Modularity¶
Learning outcomes
Learners ...
- understand what a module is
- understand reasons for using multiple modules
- can work with code from another module
For teachers
Prior:
- What is a module?
- Why would you use modules?
What is a module?¶
In the context of a Python package, a module is file containing Python code.
We are already using modules, such as in this line:
Here we import the path function from the os module.
The os module is a Python module for functions related to work
with the operating system.
Why use modules?¶
- To group related code
- To hide implementation details
Examples of using modules¶
Grouping related code¶
Modules are used to group related code, such as one module reading input data, where another module is tasked with doing statistics on data.

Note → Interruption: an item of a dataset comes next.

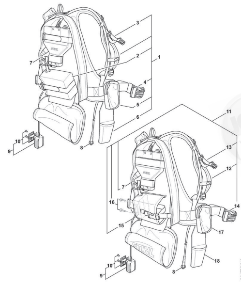 Hier finden Sie alle Ersatzteile von Stihl Akku-Geräte ASA 65 der Zeichnungsgruppe Tragsystem, Steuergerät:

A commonly found module is a folder called utils or a file called
utils.py.
This is typical for functions that are needed, but not
the core of the package: they are so-called 'utility functions'
that are there 'to help'.
Examples:
A Python filename starting with an underscore, e.g. _utils.py,
is a hint (by social convention) that this module is not meant
to be used by a regular user.
Function wrappers¶
Modules can be used as a unit to create wrapper functions.
A wrapper function is a function that consists of calling another function, without adding functionality.
Users of a module will import functions of a module by name (i.e.
they do not import all function).
The word impl, short for 'implementation' is -by social convention-
avoided to be imported.
Here is schematic of two functions in a module:
graph TB
do_it
do_it_impl
do_it --> |uses| do_it_impl
Based on this, do_it is the function that the user should import.
Could you show some code as an example?
A logistic function is a perfect example of a wrapper function. A logistic function is function that exists to make it easier/shorter to write code. One application is to provide two function names to do the same:
def create_png_figure(filename):
# Code to create a PNG
def create_figure_png(filename):
create_png_figure(filename)
Another example is found in code that we encountered before:
fun is_prime(x):
"""Determine if a number is prime."""
return is_prime_impl(x, 2)
def is_prime_impl(no, i):
"""Determine if a number is prime.
Usage: 'is_prime_impl(x, 2)', where 'x' is the number you want to test.
"""
if no == i:
return True
elif no % i == 0:
return False
return is_prime_impl(no, i + 1)
In this code, the bad interface of is_prime_impl is wrapped
into the better interface of is_prime.
Allowing unsafe functions¶
Modules can be used as a unit to create unsafe functions.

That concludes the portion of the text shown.